=== DATA FOR PROCESSING ===
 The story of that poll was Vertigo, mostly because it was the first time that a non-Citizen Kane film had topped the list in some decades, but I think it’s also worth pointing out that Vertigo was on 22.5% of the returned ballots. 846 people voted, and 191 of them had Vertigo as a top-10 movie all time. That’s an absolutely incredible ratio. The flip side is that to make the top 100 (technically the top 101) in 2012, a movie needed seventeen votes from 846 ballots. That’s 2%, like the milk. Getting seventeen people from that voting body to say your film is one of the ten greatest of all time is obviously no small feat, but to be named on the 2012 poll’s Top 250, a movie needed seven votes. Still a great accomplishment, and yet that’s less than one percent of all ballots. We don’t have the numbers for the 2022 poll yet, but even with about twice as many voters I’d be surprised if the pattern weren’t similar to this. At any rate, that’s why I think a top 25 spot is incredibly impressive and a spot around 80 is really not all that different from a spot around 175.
...
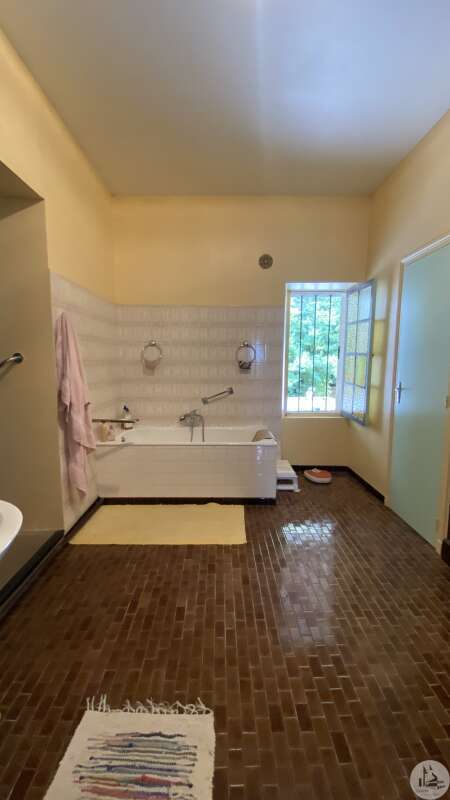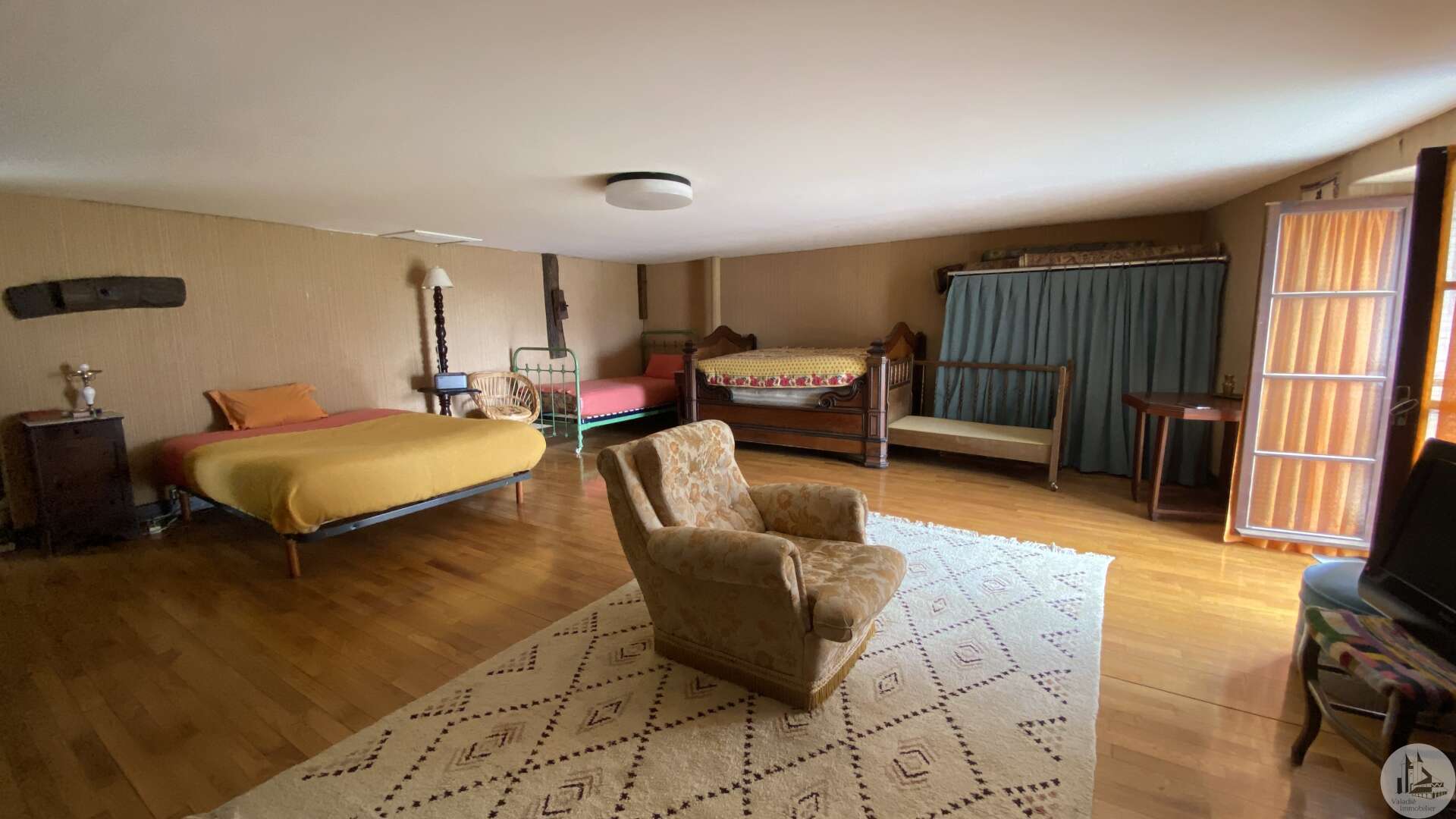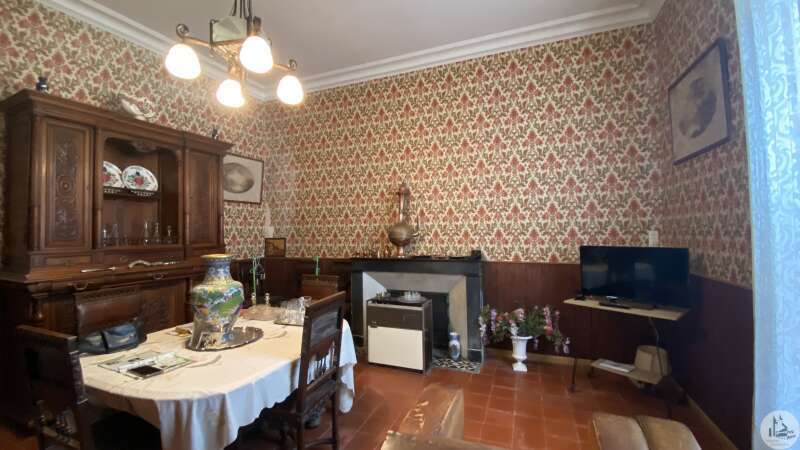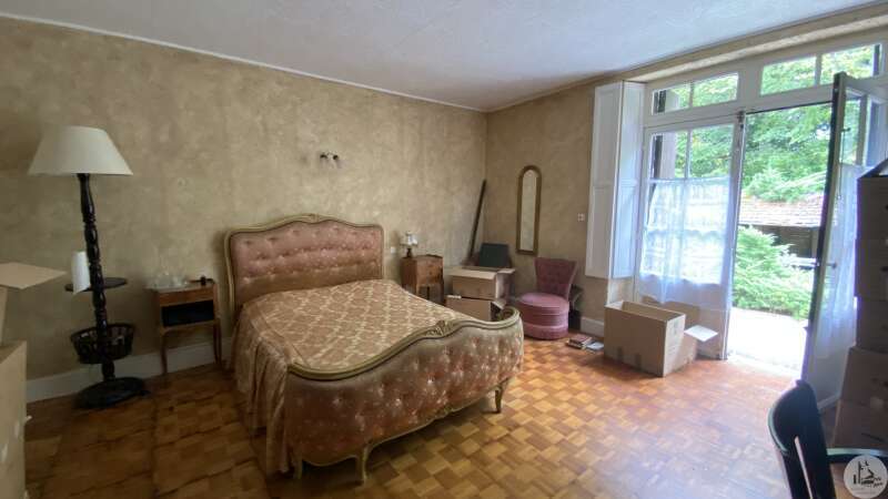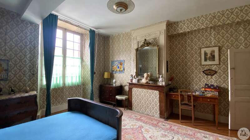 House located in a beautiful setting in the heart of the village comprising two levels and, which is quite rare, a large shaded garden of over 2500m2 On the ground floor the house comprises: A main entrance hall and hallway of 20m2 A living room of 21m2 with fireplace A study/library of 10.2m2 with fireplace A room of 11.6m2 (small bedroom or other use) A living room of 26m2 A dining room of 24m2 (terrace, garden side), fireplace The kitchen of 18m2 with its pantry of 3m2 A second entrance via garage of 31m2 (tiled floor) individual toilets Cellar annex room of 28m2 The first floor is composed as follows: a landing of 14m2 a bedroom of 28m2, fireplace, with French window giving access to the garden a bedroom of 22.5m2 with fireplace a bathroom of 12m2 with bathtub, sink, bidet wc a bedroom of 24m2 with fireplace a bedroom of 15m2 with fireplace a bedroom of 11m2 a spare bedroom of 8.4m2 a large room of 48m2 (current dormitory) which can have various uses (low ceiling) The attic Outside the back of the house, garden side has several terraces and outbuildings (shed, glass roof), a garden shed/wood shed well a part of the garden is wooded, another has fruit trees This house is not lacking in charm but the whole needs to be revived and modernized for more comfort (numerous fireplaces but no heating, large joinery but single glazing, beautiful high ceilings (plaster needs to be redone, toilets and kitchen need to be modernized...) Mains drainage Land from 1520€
---
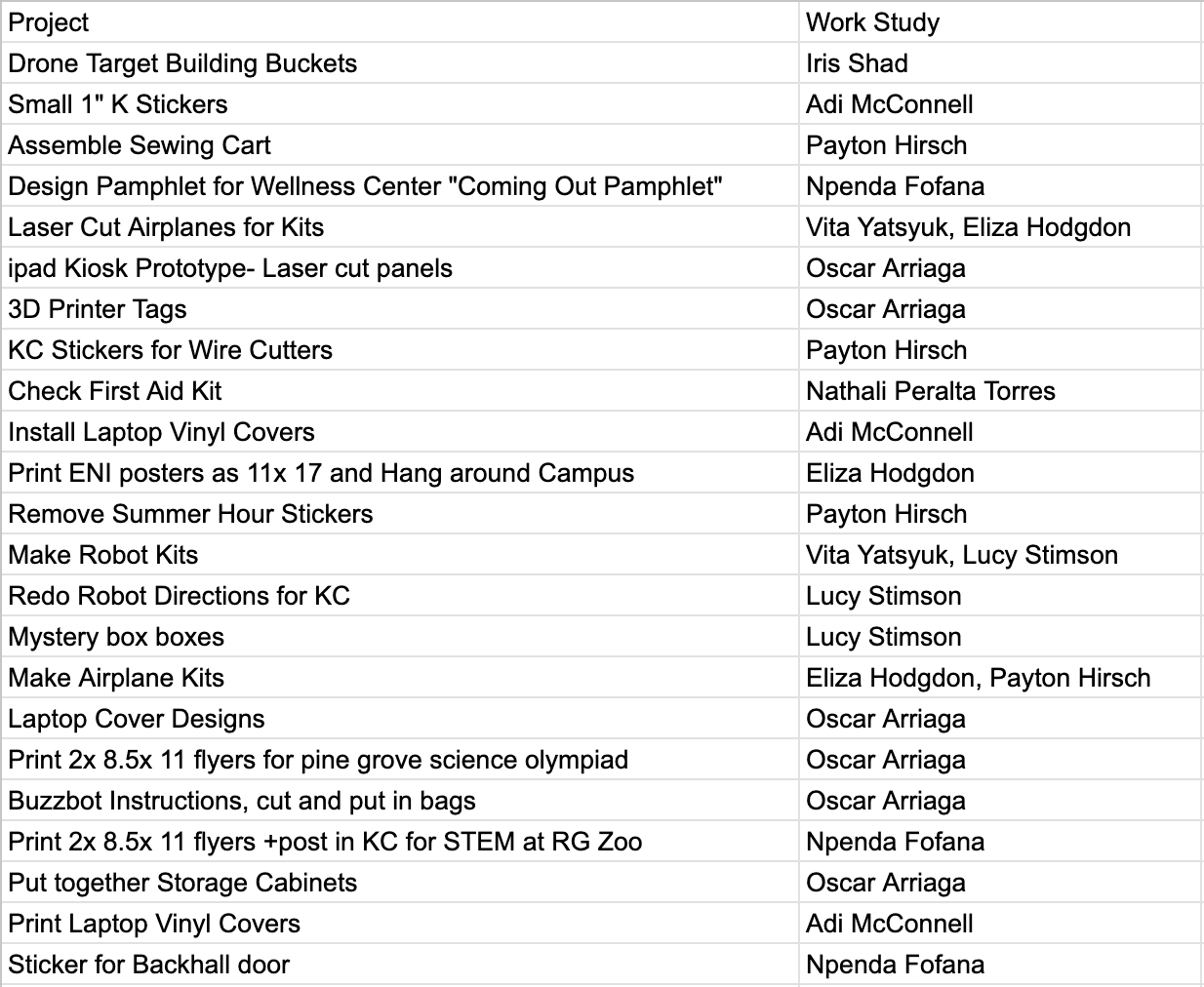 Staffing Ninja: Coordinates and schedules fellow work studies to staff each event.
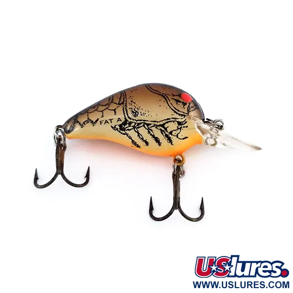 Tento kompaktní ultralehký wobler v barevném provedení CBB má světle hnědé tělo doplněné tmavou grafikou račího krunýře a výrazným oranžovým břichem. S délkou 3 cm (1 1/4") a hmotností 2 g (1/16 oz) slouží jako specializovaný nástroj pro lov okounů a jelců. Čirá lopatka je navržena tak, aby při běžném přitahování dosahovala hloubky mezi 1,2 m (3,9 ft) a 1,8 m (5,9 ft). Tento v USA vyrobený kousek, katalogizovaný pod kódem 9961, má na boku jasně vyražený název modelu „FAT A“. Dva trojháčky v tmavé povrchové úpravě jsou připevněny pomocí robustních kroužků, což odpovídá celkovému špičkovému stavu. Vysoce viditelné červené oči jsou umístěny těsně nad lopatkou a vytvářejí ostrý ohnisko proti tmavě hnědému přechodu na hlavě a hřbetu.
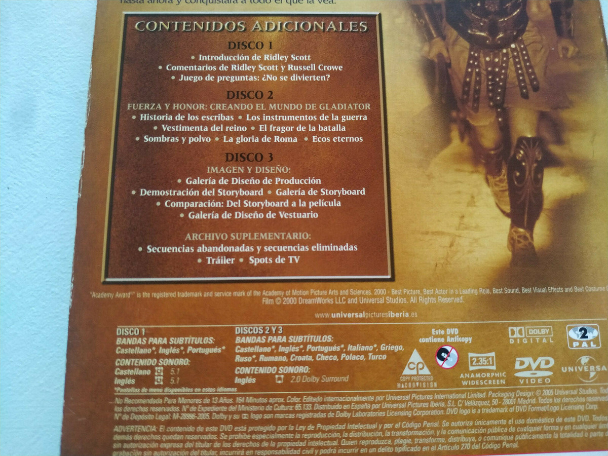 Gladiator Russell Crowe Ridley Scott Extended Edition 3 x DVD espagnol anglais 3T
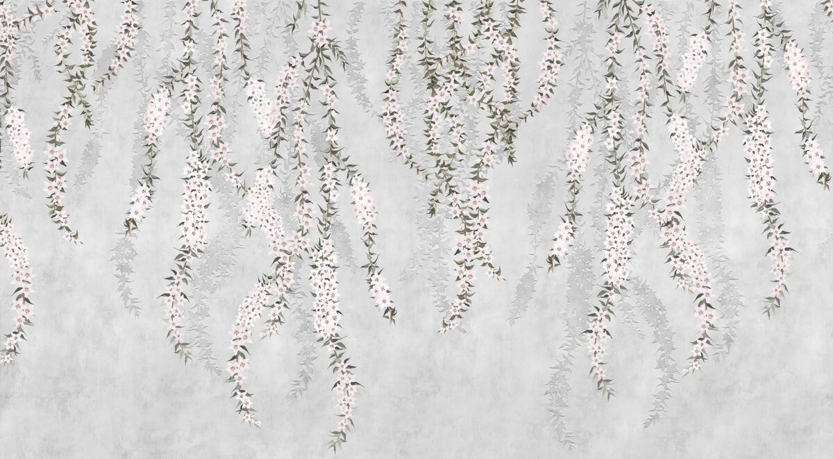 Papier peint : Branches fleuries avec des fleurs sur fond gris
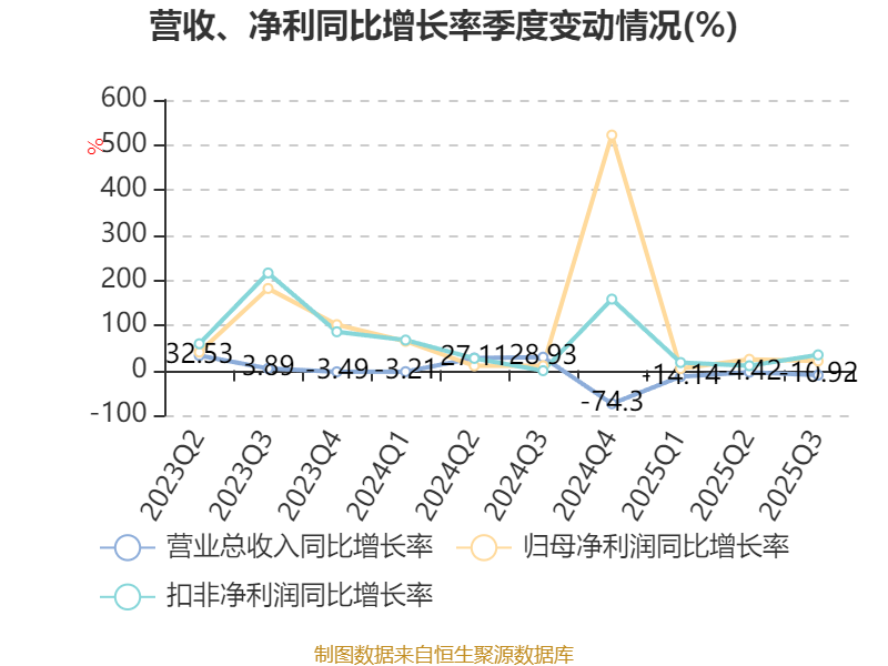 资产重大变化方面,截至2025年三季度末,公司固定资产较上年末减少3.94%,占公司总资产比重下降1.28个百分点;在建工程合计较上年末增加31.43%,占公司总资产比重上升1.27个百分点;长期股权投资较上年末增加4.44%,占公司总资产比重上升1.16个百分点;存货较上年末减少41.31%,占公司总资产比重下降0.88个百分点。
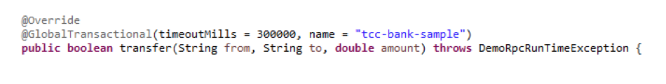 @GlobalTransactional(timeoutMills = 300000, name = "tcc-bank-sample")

=== WHAT YOU HAVE TO DO ===
The line holding "Tento kompaktní ultralehký" starts the copy and the line holding "Gladiator Russell Crowe" ends it. Repeat those two lines above and all between them exactly, leaving out pictures.

=== WRITTEN SOLUTION ===
 Tento kompaktní ultralehký wobler v barevném provedení CBB má světle hnědé tělo doplněné tmavou grafikou račího krunýře a výrazným oranžovým břichem. S délkou 3 cm (1 1/4") a hmotností 2 g (1/16 oz) slouží jako specializovaný nástroj pro lov okounů a jelců. Čirá lopatka je navržena tak, aby při běžném přitahování dosahovala hloubky mezi 1,2 m (3,9 ft) a 1,8 m (5,9 ft). Tento v USA vyrobený kousek, katalogizovaný pod kódem 9961, má na boku jasně vyražený název modelu „FAT A“. Dva trojháčky v tmavé povrchové úpravě jsou připevněny pomocí robustních kroužků, což odpovídá celkovému špičkovému stavu. Vysoce viditelné červené oči jsou umístěny těsně nad lopatkou a vytvářejí ostrý ohnisko proti tmavě hnědému přechodu na hlavě a hřbetu.
 Gladiator Russell Crowe Ridley Scott Extended Edition 3 x DVD espagnol anglais 3T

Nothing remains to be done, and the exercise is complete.